• Provided records
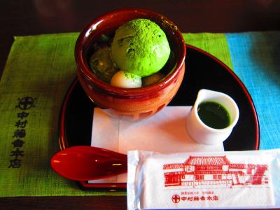 宇治に行って食べたかったのが抹茶パフェですが、抹茶のお店といえば中村藤吉です。お店はスイーツだけでなく食事もできるので、おやつ時だけでなく食事時も行列です。本店では1~2時間待ちは普通ですが、平等院店では約30分ぐらいで席に通されることがあります。
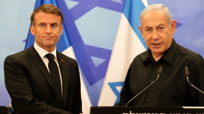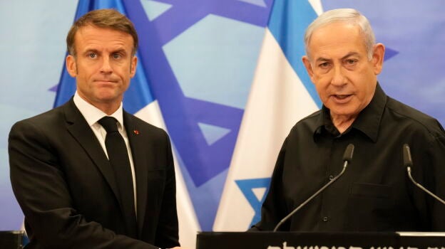 "Vine a comunicarle la solidaridad de Francia frente a nuestro enemigo común, el terrorismo", ha asegurado Macron a Netanyahu, al defender "el derecho legítimo de Israel a defenderse" del grupo islamista palestino Hamás, que perpetró el 7 de octubre un ataque contra el Estado judío.
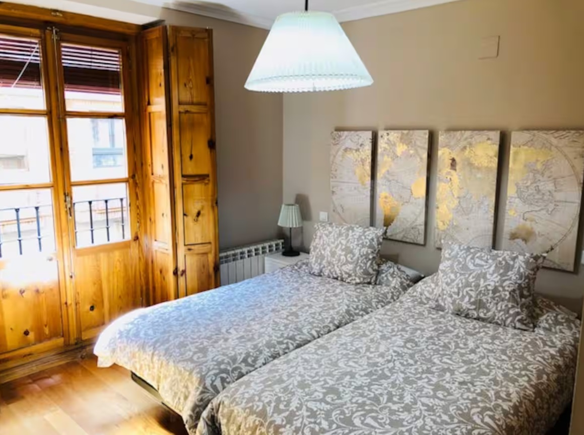 A 1 minuto de la plaza Mayor, en plena zona de tapas, restaurantes y comercio. Vista a plaza de Martí y Monsó (Coca). Transporte público próximo. El piso consta de dos habitaciones (con televisión y camas individuales), dos baños (toallas, secador de pelo, gel, champú), cocina (horno, microondas, lavadora-secadora, lavavajillas, frigorífico, plancha, cafetera, tostador, batidora, exprimidor eléctrico, olla y todo tipo de menaje) y salón comedor. WIFI.
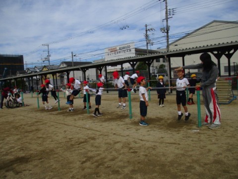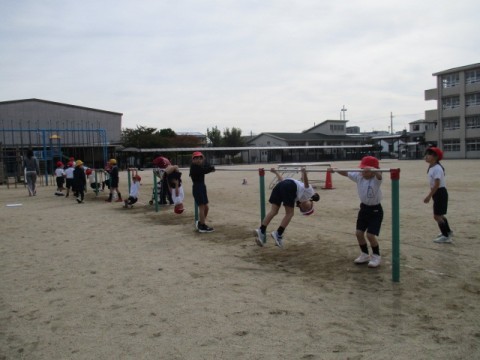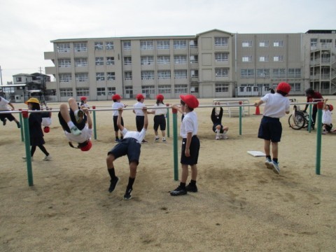 「鉄棒を使った運動あそび」の学習です。「さかあがり」など,いろいろな技に挑戦しています。
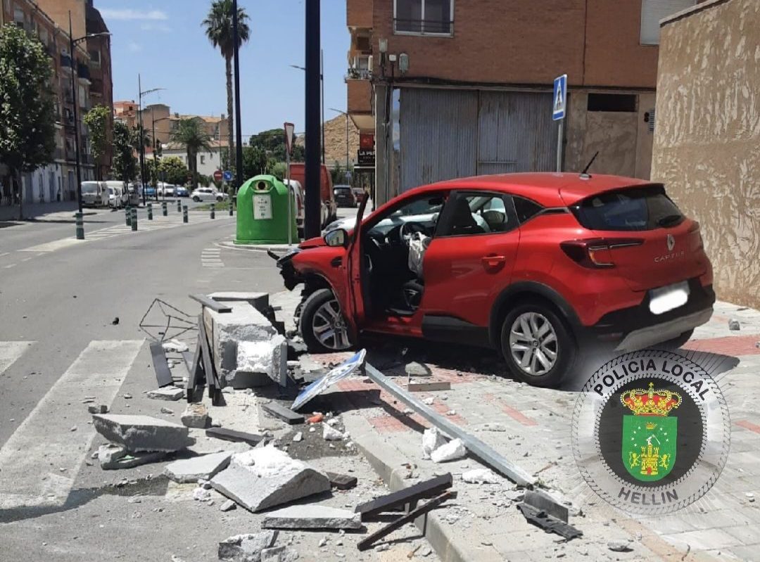 Ayer por la tarde, la Policía Local de Hellín intervino en un nuevo accidente de tráfico ocurrido en la calle Poeta Mariano Tomás, donde un vehículo turístico colisionó contra una farola, causando importantes daños materiales. Afortunadamente, no se registraron víctimas personales de gravedad.
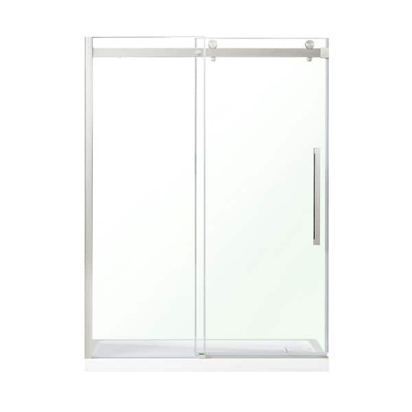 Bel Soft Close 60 in. W Alcove Frameless Sliding Shower Door in Satin Nickel
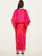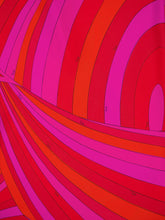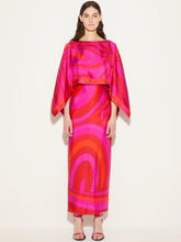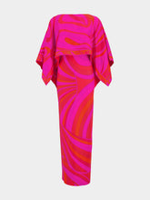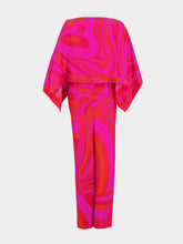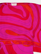 This elegant Pucci silk dress features the Iris and Marble prints in vibrant fuchsia, orange, and red tones. Crafted from silk twill, it showcases a straight silhouette, a boat neckline, draped sleeves, and a wide, layerable top for added drama.
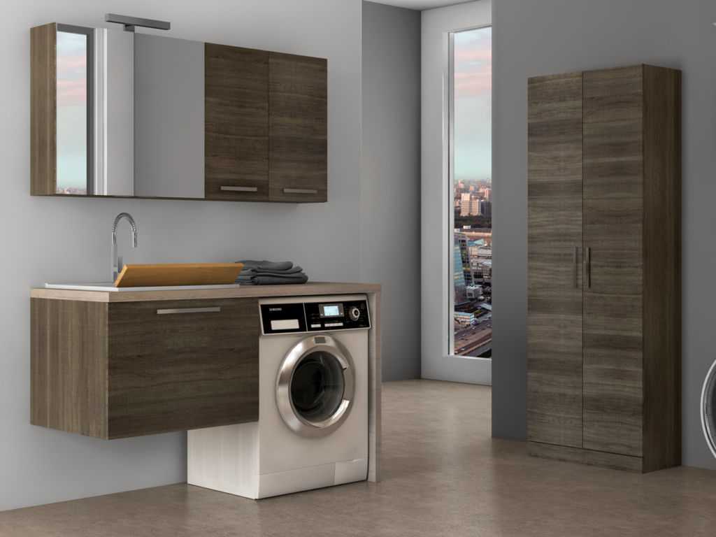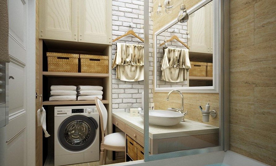 Каждую хозяйку интересует вопрос практичного, компактного размещения бытовой техники. Но нельзя забывать о деталях – куда-то нужно складывать грязное белье, ставить моющие средства, хранить банные и туалетные принадлежности. Такие вещи принято оставлять в ванной, поэтому ниши для белья оборудуют в этой комнате. Чтобы компактно разместить и стиральную машину, и функциональные элементы наполнения шкафа, можно изготовить конструкцию следующим образом:
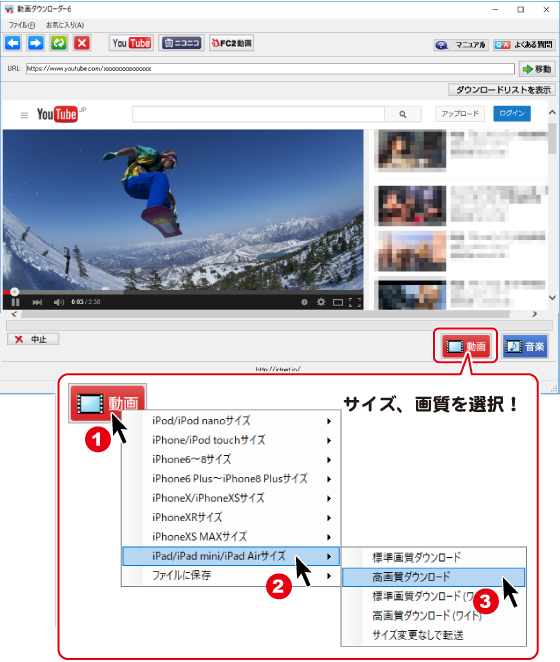 例:動画を「iPad/iPad mini/iPad Airサイズ」→「高画質ダウンロード」する

• Task details
Word for word, write out each of the records, but not the pictures.

• Response to the task
 宇治に行って食べたかったのが抹茶パフェですが、抹茶のお店といえば中村藤吉です。お店はスイーツだけでなく食事もできるので、おやつ時だけでなく食事時も行列です。本店では1~2時間待ちは普通ですが、平等院店では約30分ぐらいで席に通されることがあります。
 "Vine a comunicarle la solidaridad de Francia frente a nuestro enemigo común, el terrorismo", ha asegurado Macron a Netanyahu, al defender "el derecho legítimo de Israel a defenderse" del grupo islamista palestino Hamás, que perpetró el 7 de octubre un ataque contra el Estado judío.
 A 1 minuto de la plaza Mayor, en plena zona de tapas, restaurantes y comercio. Vista a plaza de Martí y Monsó (Coca). Transporte público próximo. El piso consta de dos habitaciones (con televisión y camas individuales), dos baños (toallas, secador de pelo, gel, champú), cocina (horno, microondas, lavadora-secadora, lavavajillas, frigorífico, plancha, cafetera, tostador, batidora, exprimidor eléctrico, olla y todo tipo de menaje) y salón comedor. WIFI.
 「鉄棒を使った運動あそび」の学習です。「さかあがり」など,いろいろな技に挑戦しています。
 Ayer por la tarde, la Policía Local de Hellín intervino en un nuevo accidente de tráfico ocurrido en la calle Poeta Mariano Tomás, donde un vehículo turístico colisionó contra una farola, causando importantes daños materiales. Afortunadamente, no se registraron víctimas personales de gravedad.
 Bel Soft Close 60 in. W Alcove Frameless Sliding Shower Door in Satin Nickel
 This elegant Pucci silk dress features the Iris and Marble prints in vibrant fuchsia, orange, and red tones. Crafted from silk twill, it showcases a straight silhouette, a boat neckline, draped sleeves, and a wide, layerable top for added drama.
 Каждую хозяйку интересует вопрос практичного, компактного размещения бытовой техники. Но нельзя забывать о деталях – куда-то нужно складывать грязное белье, ставить моющие средства, хранить банные и туалетные принадлежности. Такие вещи принято оставлять в ванной, поэтому ниши для белья оборудуют в этой комнате. Чтобы компактно разместить и стиральную машину, и функциональные элементы наполнения шкафа, можно изготовить конструкцию следующим образом:
 例:動画を「iPad/iPad mini/iPad Airサイズ」→「高画質ダウンロード」する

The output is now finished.